**WORK REQUIRED**
Leaving out the images, please reproduce each line below exactly.

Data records
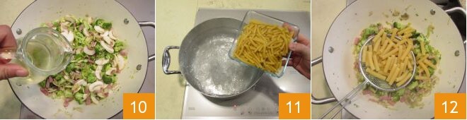 Após o fundo estar bem dourado, ajuste o sal sem exagerar, regue com o vinho branco 10 e deixe a parte alcoólica evaporar antes de baixar o fogo e continuar a cozedura por mais 10 minutos. Enquanto isso, cozinhe a massa em água fervente e salgada 11, assim que estiver al dente, escorra-a diretamente na panela 12.
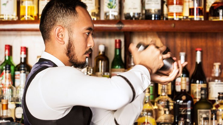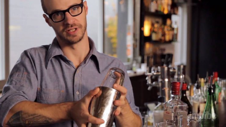 Все напитки заливаются в шейкер и хорошо перемешиваются, также добавьте лед, во время тряски напиток сможет охладиться.
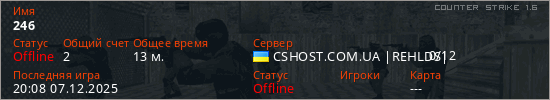 Играет на Counter Strike 1.6 сервере. Страна: УкраинаПервый раз замечен 19:40 07.12.2025
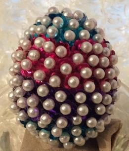 #10. Large 4" egg with silver and gold with white pins. $9.00 Shipping Additional
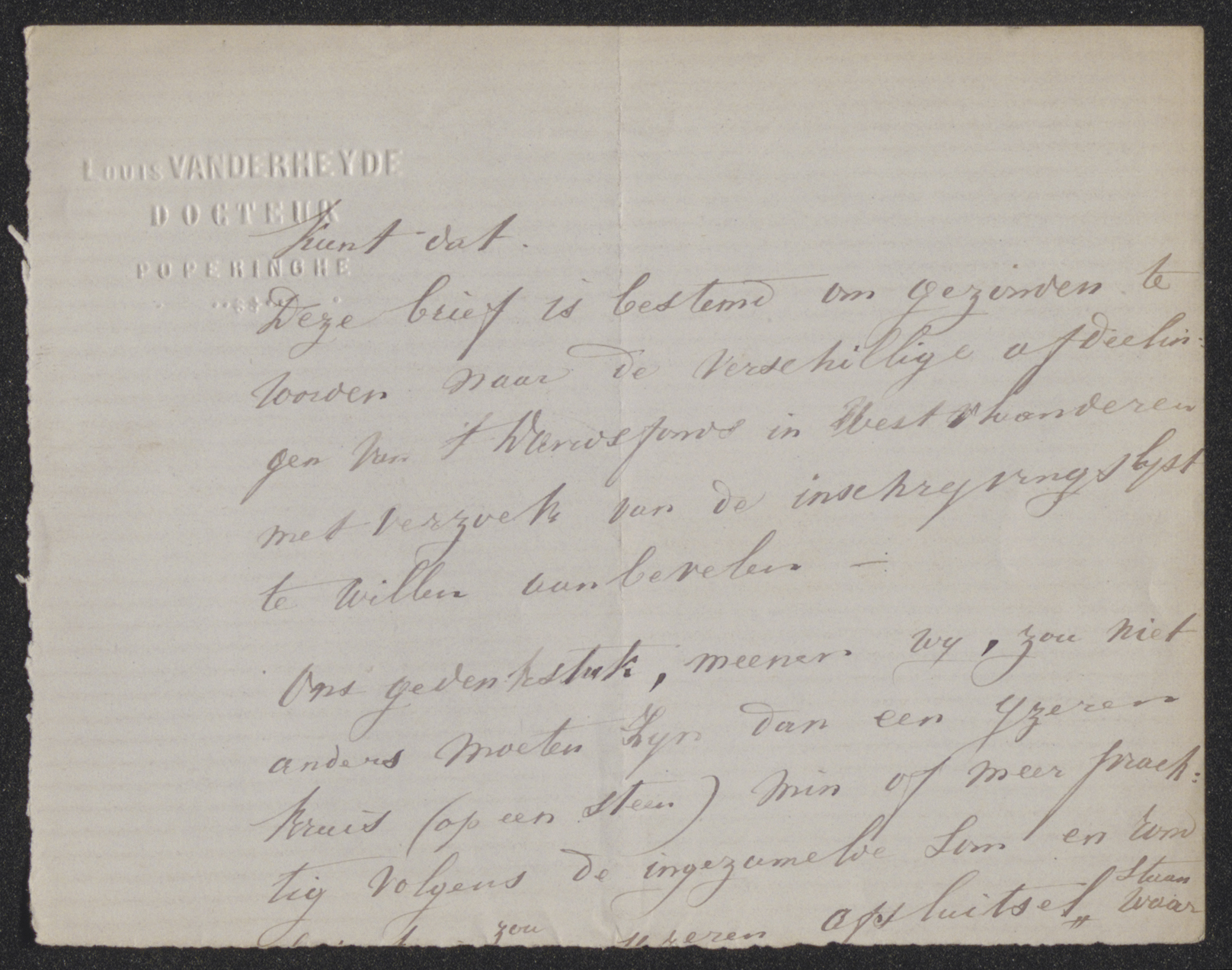 Deze brief[1] is bestemd om gezinden te worden naar de verschillige afdeelingen van ‘t Davidsfonds in West Vlaanderen met verzoek van de inschryvingslyst[2] te willen aanbevelen -
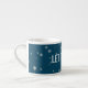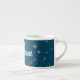 Caneca espresso azul moderna e personalizável com flocos de neve brancos.
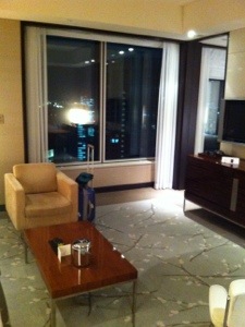 Being recognized as a Diamond HHonors member, we are upgraded to a 2 room luxury king suite with 2 toilets, separate lounge room, a ‘his and hers’ basin, full sized bath, and a long double shower. Being in Japan, all the mod cons are present, from automatic toilet seats with bidet and washlets, blinds that open and close at the push of a button, bathrobes, slippers, dressing gowns, and high end toiletries.
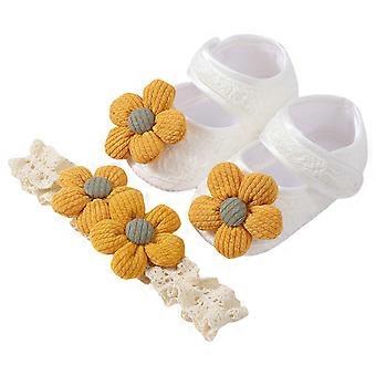 Conjunto de Faixa de Cabeça para Recém-Nascidos com Sapatos de Chão Aconchegantes, Decoração de Flores para Bebê Bebê Elástico Faixa de Cabelo & Sapatos de Caminhada de Aprendizagem Amarelo

**OUTPUT**
 Após o fundo estar bem dourado, ajuste o sal sem exagerar, regue com o vinho branco 10 e deixe a parte alcoólica evaporar antes de baixar o fogo e continuar a cozedura por mais 10 minutos. Enquanto isso, cozinhe a massa em água fervente e salgada 11, assim que estiver al dente, escorra-a diretamente na panela 12.
 Все напитки заливаются в шейкер и хорошо перемешиваются, также добавьте лед, во время тряски напиток сможет охладиться.
 Играет на Counter Strike 1.6 сервере. Страна: УкраинаПервый раз замечен 19:40 07.12.2025
 #10. Large 4" egg with silver and gold with white pins. $9.00 Shipping Additional
 Deze brief[1] is bestemd om gezinden te worden naar de verschillige afdeelingen van ‘t Davidsfonds in West Vlaanderen met verzoek van de inschryvingslyst[2] te willen aanbevelen -
 Caneca espresso azul moderna e personalizável com flocos de neve brancos.
 Being recognized as a Diamond HHonors member, we are upgraded to a 2 room luxury king suite with 2 toilets, separate lounge room, a ‘his and hers’ basin, full sized bath, and a long double shower. Being in Japan, all the mod cons are present, from automatic toilet seats with bidet and washlets, blinds that open and close at the push of a button, bathrobes, slippers, dressing gowns, and high end toiletries.
 Conjunto de Faixa de Cabeça para Recém-Nascidos com Sapatos de Chão Aconchegantes, Decoração de Flores para Bebê Bebê Elástico Faixa de Cabelo & Sapatos de Caminhada de Aprendizagem Amarelo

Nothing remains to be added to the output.